THE TASK: From the material below, retype exactly the lines that begin at the line with "仲良く並んでくつろぐ2頭のイタグレを刺繍風に表現したパーカー。" and end after the line with "如今,武漢GDP超萬億。圖為"; pictures stay out of the copy.

════════

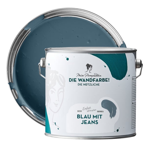 MissPompadour abwaschbare Wandfarbe 2.5L Blau mit Jeans - hohe Deckkraft und Ergiebigkeit - matte, scheuerbeständige Innenfarbe - geruchsarm, wasserbasiert, atmungsaktiv - Die Nützliche
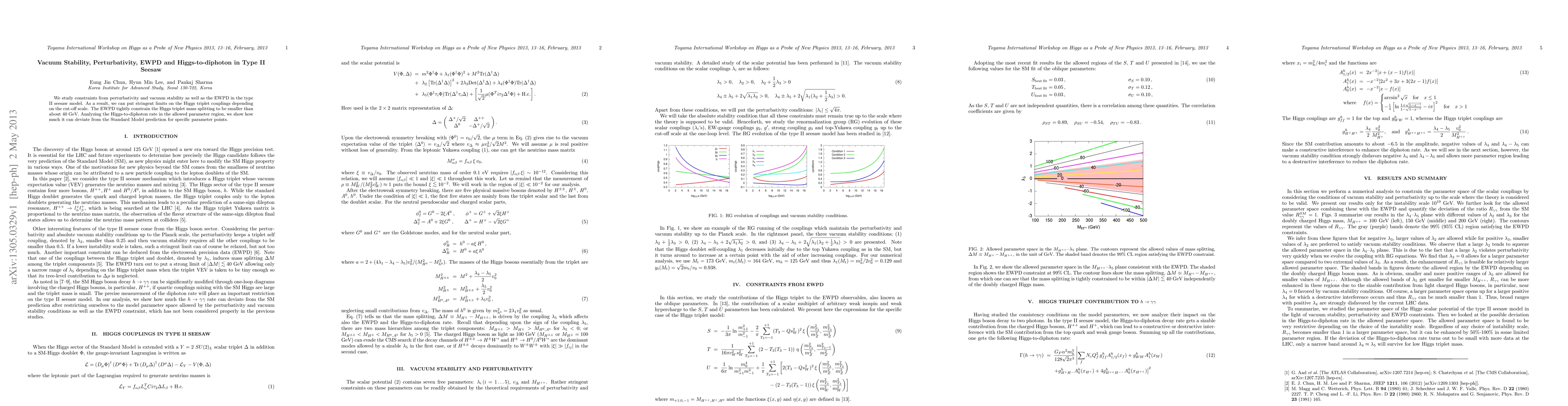 This paper investigates constraints from perturbativity and vacuum stability in the type II seesaw model, finding stringent limits on Higgs triplet couplings. The electroweak precision data (EWPD) constrains the Higgs triplet mass splitting to be less than 40 GeV, while the Higgs-to-diphoton rate shows potential deviations from Standard Model predictions in specific parameter regions.
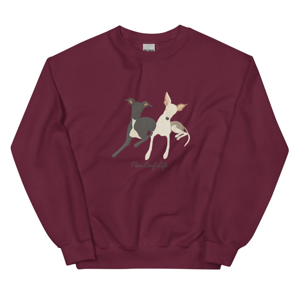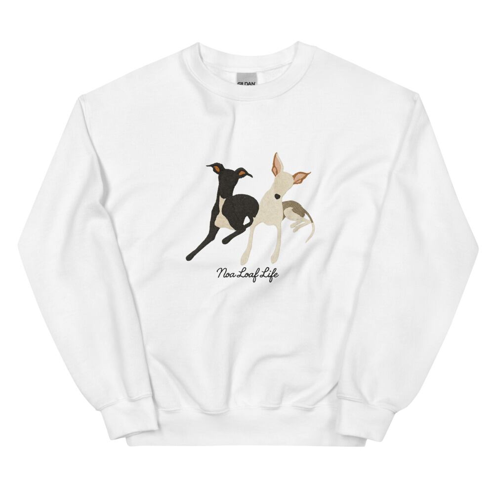 仲良く並んでくつろぐ2頭のイタグレを刺繍風に表現したパーカー。
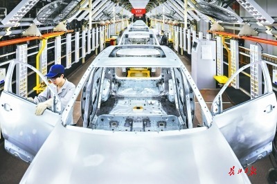 如今,武漢GDP超萬億。圖為工人們在汽車生產(chǎn)流水線上工作長江日報記者周超 攝
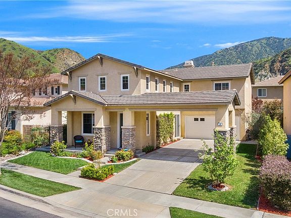 Enjoy the panoramic views of the San Gabriel Mountains as you enter Mountain Cove, a remarkable scenic and secluded gated community. Mountain Cove offers resort style living that features a private pool, hot tub, clubhouse, 5+ acre park plus playground, walking paths, all with social events throughout the year that create a wonderful sense of community and monitored by private security officers. This lovely light-filled home on a quiet cul-de-sac offers 3 bedrooms and 2 1/2 bathrooms. It features a spacious living room, a generous size kitchen that opens to a cozy family room with a fireplace. An oversized primary suite featuring a walk-in closet, private bathroom with dual sinks, bathtub and a frameless shower. The upstairs also features the second and third bedrooms, a full bathroom, laundry room and loft with a built-in desk. The yard is a fruit lover's dream including Meyer lemon, Key lime, yellow peach, pomegranate, white nectarine, white peach, Anna apple and Mandarin Trees. The custom-built patio includes a built-in barbecue that is perfect for outdoor dining and entertaining. Come experience this lovely home in a one of a kind neighborhood that offers an unmatched natural setting but is less than 5 minutes from the 210 & 605 Freeways and just 10 miles from Pasadena.
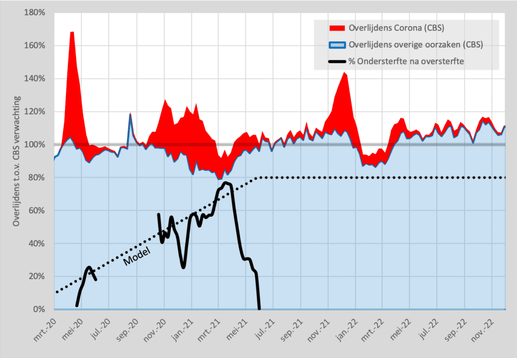 Tot eind 2023 worden er door het model 33.000 “onverklaarde” overlijdens voorspeld. Het loopt ook zeer gelijk op met de werkelijke cijfers. Ook is zo heel goed te zien dat deze oversterfte begint af te wijken van de corona overlijdens, zodra de vaccinaties echt van start gaan. Wat de langere termijn cijfers gaan doen is nog onzeker. Er zijn op zich geen redenen om aan te nemen dat de lijn steiler of juist vlakker zal gaan lopen, dat zullen we af moeten gaan wachten.
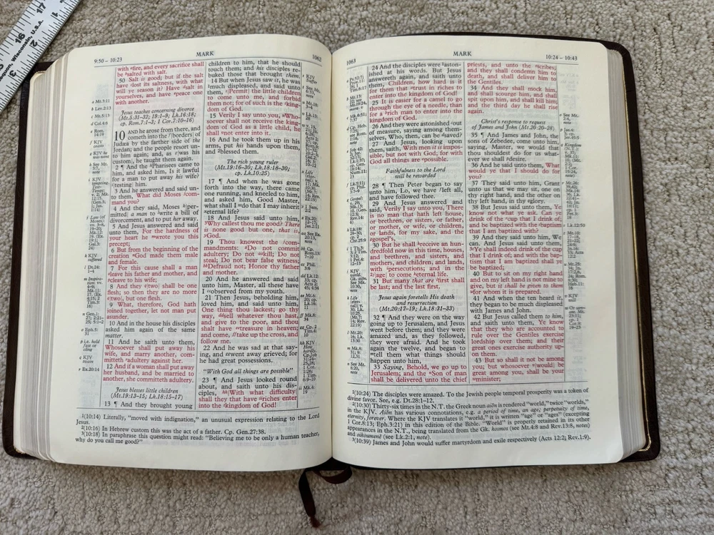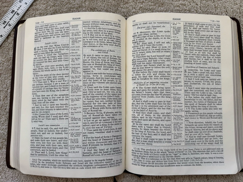 Absolutely love this wide-margin Scofield Bible! The cowhide leather feels premium despite some scuffs, and the extra space for notes is perfect for serious study. The text is crisp and easy to read, with no odors or markings inside. Shipping was fast and secure—definitely a rare find for collectors or anyone who values a durable, high-quality Bible. The warping shown in photos doesn’t affect usability at all. Highly recommend!

════════

WRITTEN REPLY:
 仲良く並んでくつろぐ2頭のイタグレを刺繍風に表現したパーカー。
 如今,武漢GDP超萬億。圖為工人們在汽車生產(chǎn)流水線上工作長江日報記者周超 攝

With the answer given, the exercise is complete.